Las habilidades medicinales de Esculapio despertaron la envidia de Zeus, que terminó por matarlo con uno de sus rayos.


La vara de Esculapio sigue siendo el símbolo de la medicina y una serpiente enroscada en torno a una balanza es el símbolo de la farmacia.



Esculapio y la serpiente (Imagen: i.pinima.com)



Por otro lado, está el panteón de espíritus malévolos que conforman la Goecia, uno de los seis libros que constituyen el Lemegeton, o Llave Menor de Salomón.


Se trata de uno de los estudios de demonología más populares y que contiene multitud de entidades relacionadas con diferentes disciplinas científicas: medicina, geometría, astronomía, gemología o herbología, amén de otras más humanísticas como la oratoria o la escritura.


Es el caso de Marbas, Valefor, Barbatos, Paimon, Buer, Purson, Naberio o Forneus, entre otros muchos.

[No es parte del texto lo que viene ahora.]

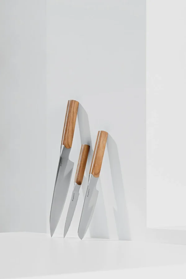 Composition | 1 x Chef’s knife 20 cm (8″) 1 x Santoku knife 12,50 cm (5″) 1 x Serrated utility knife 11,50 cm (5″) |
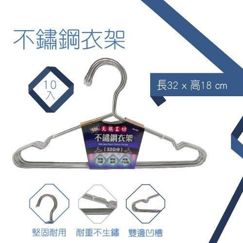 天瓶工坊 HW-580 32公分不銹鋼衣架10入
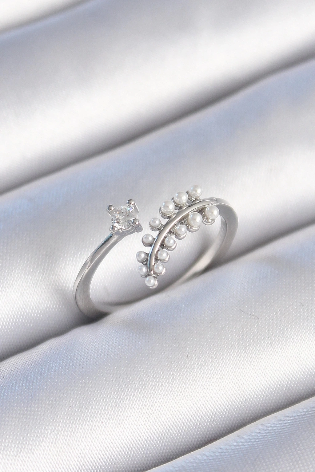 BFS Pirinç Gümüş Renk Zirkon Taşlı İncili Yaprak Model Kadın Yüzük
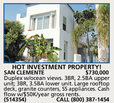 SAN CLEMENTE $730,000 Duplex w/ocean views. 3BR, 2.5BA upper unit; 3BR, 3.5BA lower unit. Large rooftop deck, granite counters, SS appliances. Cash flow w/$50K/year gross rents. (514354) CALL (800) 387-1454
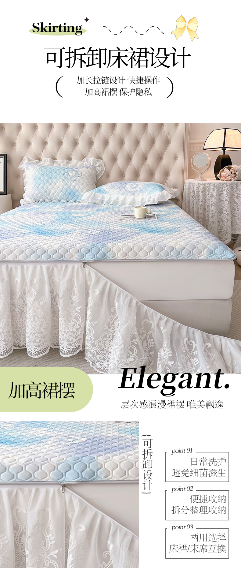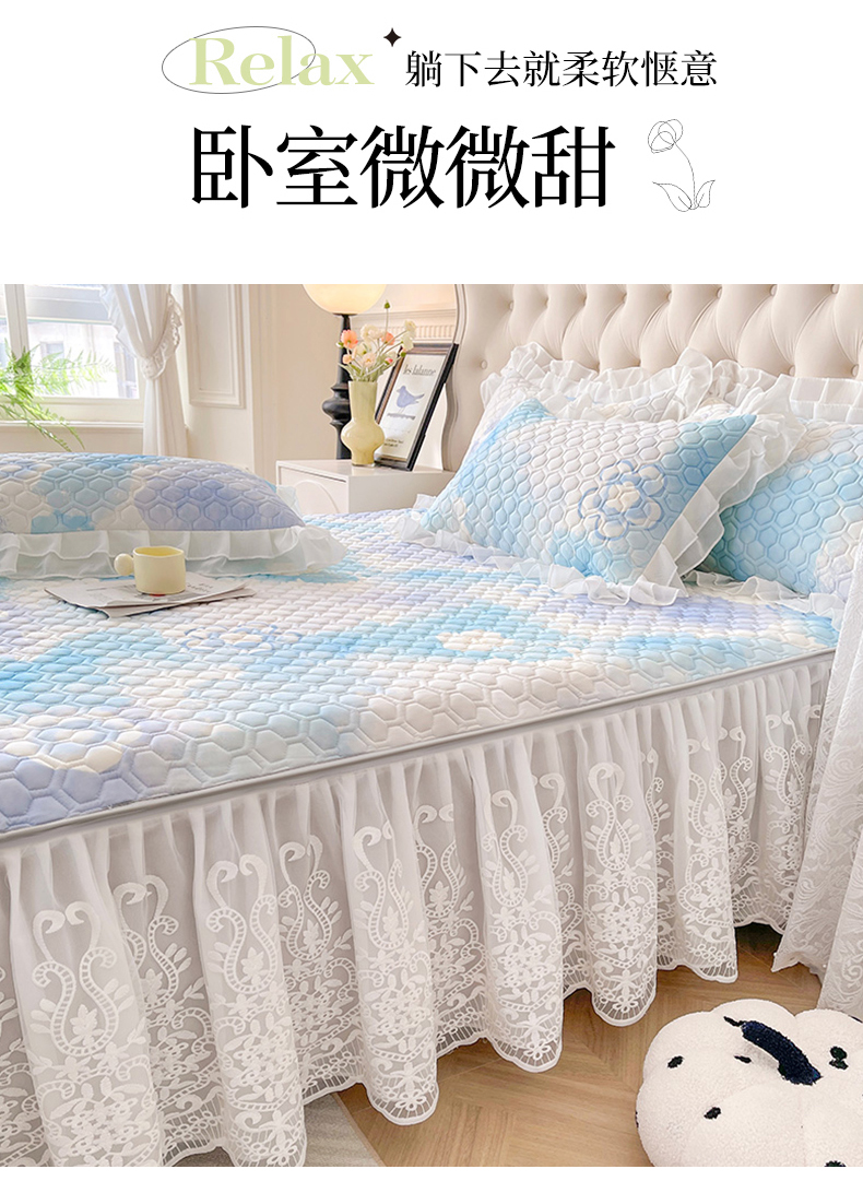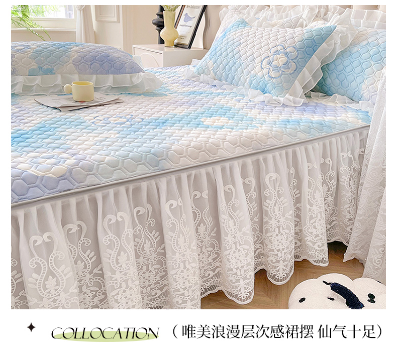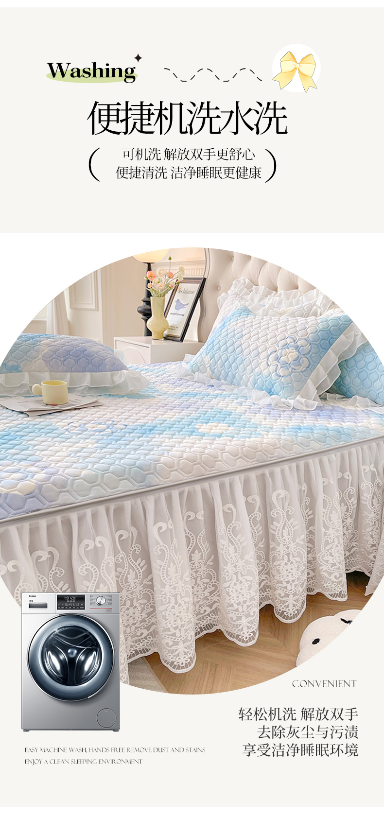 (总)虹星家纺 2025新款A类冰感凉豆豆床裙席三件套-素夏,素夏-抹茶绿,素夏-蜜桃粉,素夏-青果绿,素夏-天空蓝,素夏-月光灰
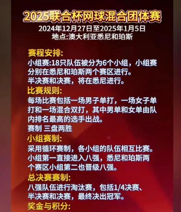 联合杯是一项极具特色的赛事,将于12月27日至2025年1月5日在澳大利亚的悉尼和珀斯展开。本届赛事汇聚了18支国家队,采用创新的混合团体赛制。参赛队伍被分为六个小组进行循环赛,每场对决包含男单、女单和混双三个项目。各小组第一名和最佳第二名将晋级八强,随后通过淘汰赛决出最终冠军。值得一提的是,在上届比赛中,中国队展现出色实力,以3-0横扫捷克队,虽然之后在面对德约科维奇领衔的塞尔维亚队时以1-2惜败,但仍然成功闯入八强。
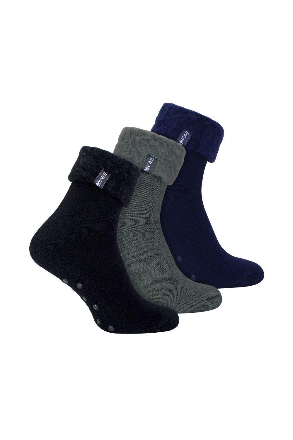 Mayoii 3 Pack Non Slip Men's Terry Slipper Socks, Bed Cosy Warm Thermal Socks for Men with Grippers, Unisex UK 6-11 for Home Sleeping (B, Adult, Men, One Size, Alpha, UK Footwear Size System, Medium)
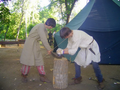 А тем временем со стороны города мастеров шум послышался. Я туда быстрей. А там! Кузнецы железо куют, девки полотна ткут, мастера кольчуги железные собирают. И все со знанием дела, сноровисто, да по уму… Не стал я им производственный процесс срывать - дальше пошел…

Y no se puede dejar de citar que, en algunas corrientes esotéricas, Belial es el guardián del conocimiento arcano (secreto u oculto) y custodia sus dos torres de la sabiduría.

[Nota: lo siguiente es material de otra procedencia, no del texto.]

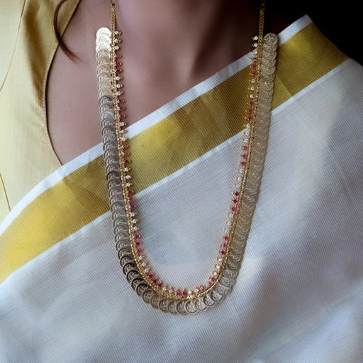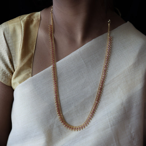 View full detailsHeritage gold plated ruby white stone long padakam necklace HP322
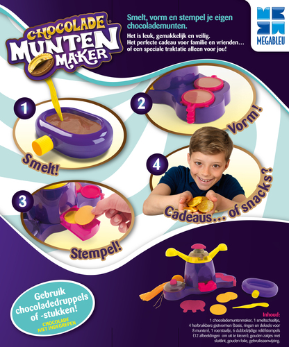 Maak je eigen chocolademunten met deze muntenmaker! Smelt de chocolade in het smeltschaaltje en doe hem in de gietvorm. Wanneer de chocolade gestold is, verpak je de munt in een mooie gouden folie. Kies daarna een reliëfstempel en gebruik de muntenmaker om een afdruk te maken op de chocolademunt.
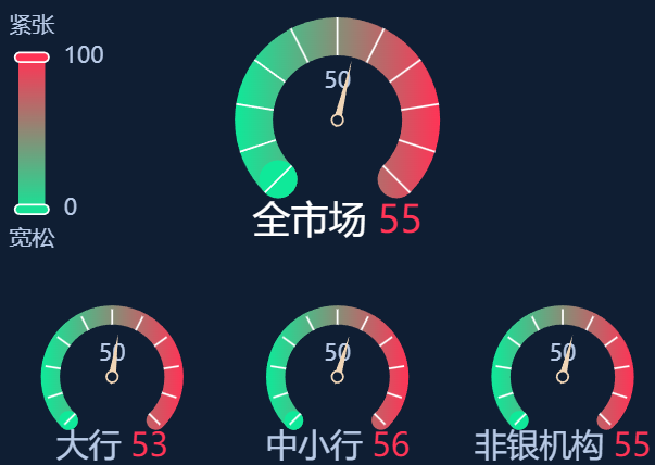 五、资金面情绪指数:全市场55 资金面趋紧 (0-100紧张度递增,50为均衡,超过50反映资金紧张)
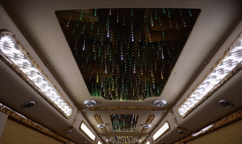 Nếu trừ vị trí ghế lái và phụ phía trước, khoang hành khách chỉ có 10 ghế rộng rãi bọc da, thiết kế như ghế máy bay hạng thương gia. Các chi tiết trang trí ốp gỗ, rèm cửa nhập khẩu từ Mỹ, thảm trải sàn, cửa kính dán phim cách nhiệt tạo ra không gian riêng cho khách sử dụng.
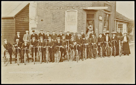 Also in the West Riding of Yorkshire, Midhopestones Post Office with a 1907 Whitsuntide gathering of a cycling club appealed to collectors of post offices as well as to collectors of cycling, with the result that the card more than doubled the estimate, with a result of £52.
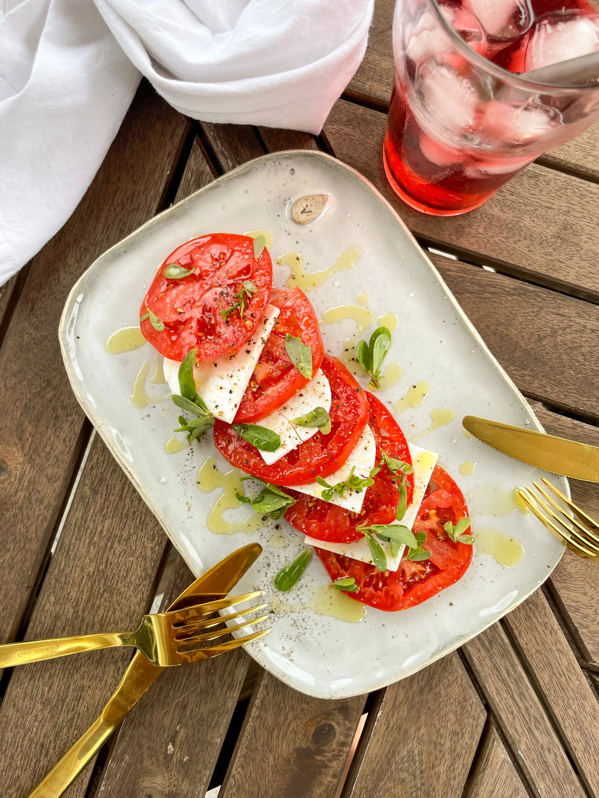 Une entrée qui cris l’été avec des belles tomates du Québec sucrées, de la mozzarella végane, une huile de qualité, de la fleur de sel ainsi que du pourpier, une plante comestible que l’on classe de mauvaise herbe et qui est très présente dans notre jardin.
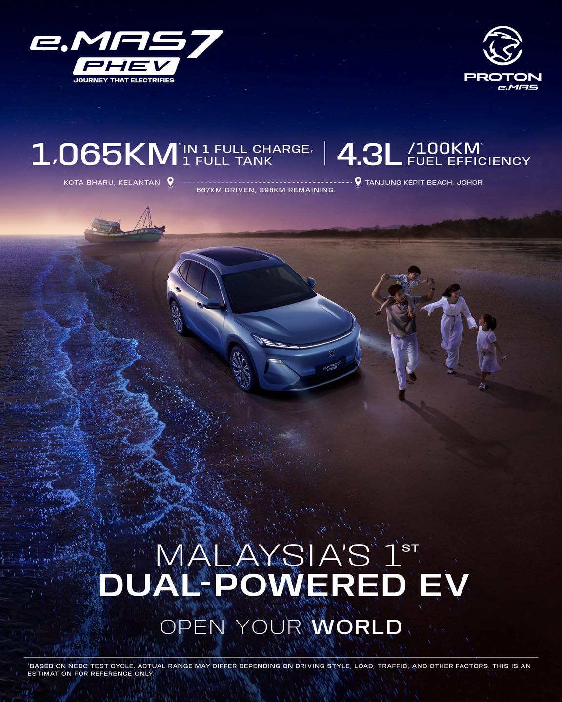 Gabungan enjin petrol dan motor elektrik membolehkan Proton e.MAS 7 PHEV mencapai jarak pemanduan keseluruhan sehingga 1,000 kilometer, manakala varian Premium Plus mampu mencecah sehingga 1,065 kilometer.
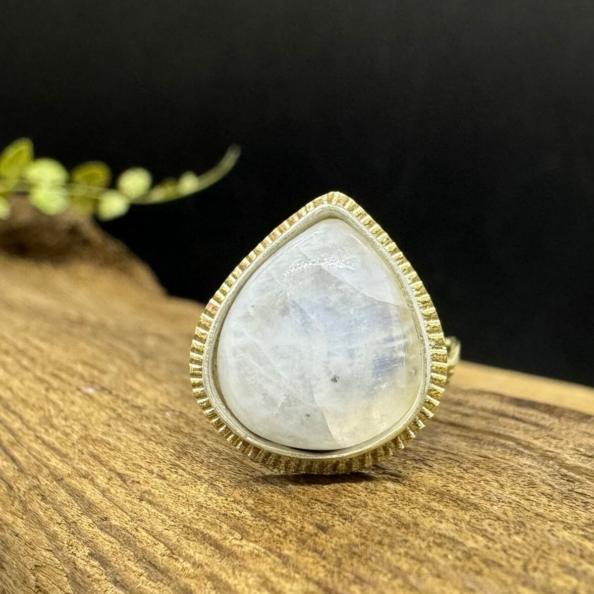 石枠はシルバーにして、周りの真鍮に細かな飾りを入れて石を引き立てました。
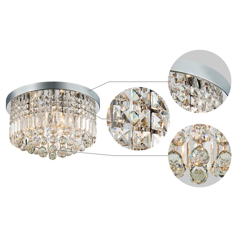 Add some elegance to your home with this Saint Mossi modern K9 Crystal Rain Drop Chandelier ceiling light. This dynamic lighting element features generous rows of cascading 100% real crystals to catch the light. Cascading crystals reflect light beams in a manner that makes it appear as if it has multiple light sources. The unique design makes it a conversation piece that works for any room. This elegant flush mount pendant ceiling light features a chrome finish. Combined with the crystals and Chrome, it stunningly glistens. Dress up your entryway, your dining room or even your bathroom with this classy fixture. The crystals deflect the light, creating a multi-directional glow. The modern and traditional elements allow this lamp to blend with a variety of styles. We recommend Saint Mossi branded LED bulbs for compatibility of our lights.
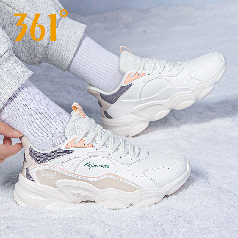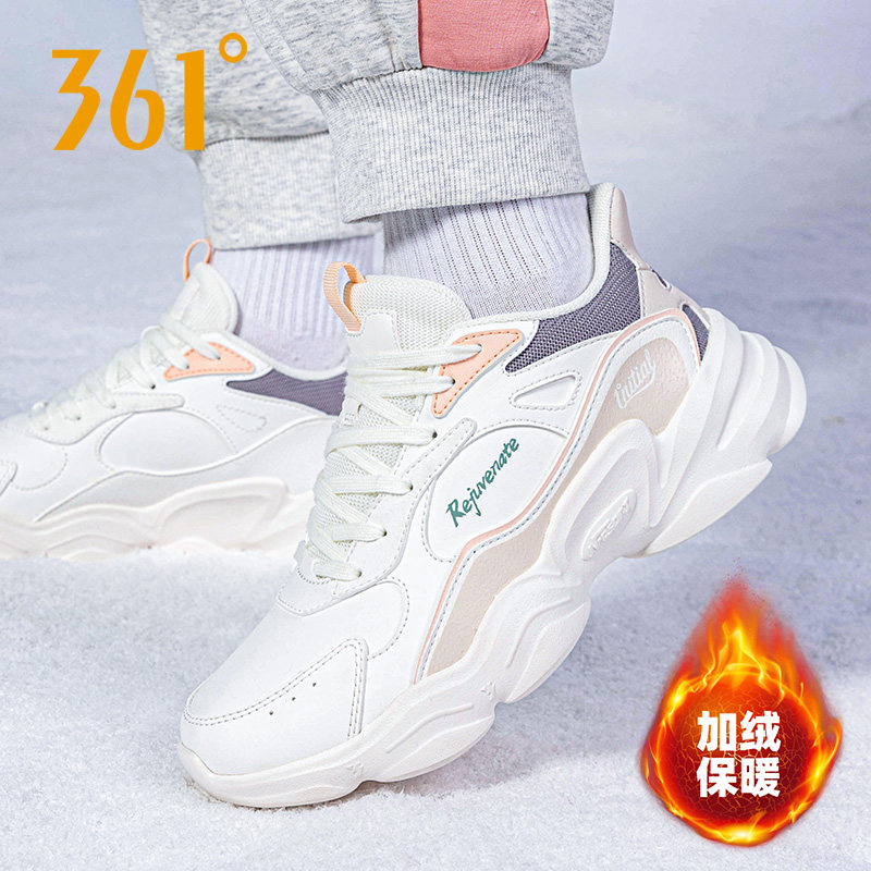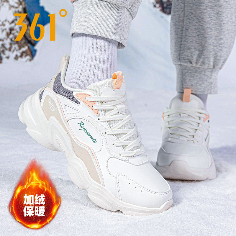 361女鞋跑步鞋冬季2025新款女款棉鞋皮面鞋子保暖加厚加绒运动鞋

Estas entidades inspiraron a aquellos que cultivaban las ramas primigenias de la ciencia y que poco después fueron llamados “brujas” y “hechiceros” que fueron perseguidos hasta la muerte por la Santa Inquisición.


Otro personaje, Paracelso, es considerado el padre de la toxicología –es suyo el concepto de que “solo la dosis hace el veneno”– y ha pasado a la historia como médico, alquimista y también como ocultista.


A pesar de profesar la religión católica, sus obras fueron censuradas en 1583 porque la relación de la toxicología con las artes arcanas tiene incontables exponentes, dada la estrecha relación entre las pócimas, los ungüentos y las cataplasmas con este tipo de personajes considerados como “hijos del demonio”.


Por esto es fundamental hacer una reflexión acerca de los tiempos que corren, de polarización y descreimiento, para invocar a nuestros arquetipos desvistiéndolos de los prejuicios inherentes al bien y al mal.


Hacerlo así tal vez nos ayude a reorientarnos como sociedad, o bien podría uno preguntarse qué habría sido de nosotros de no haber salido del “Jardín del Edén” con la ayuda de Lucero, Lucifer, Satanás o Diablo, como usted quiera llamar al conocimiento, la sabiduría o la iluminación.



* Luis Alberto Henríquez Hernández es profesor de Toxicología en el Departamento de Ciencias Clínicas de la Universidad de Las Palmas de Gran Canaria, España.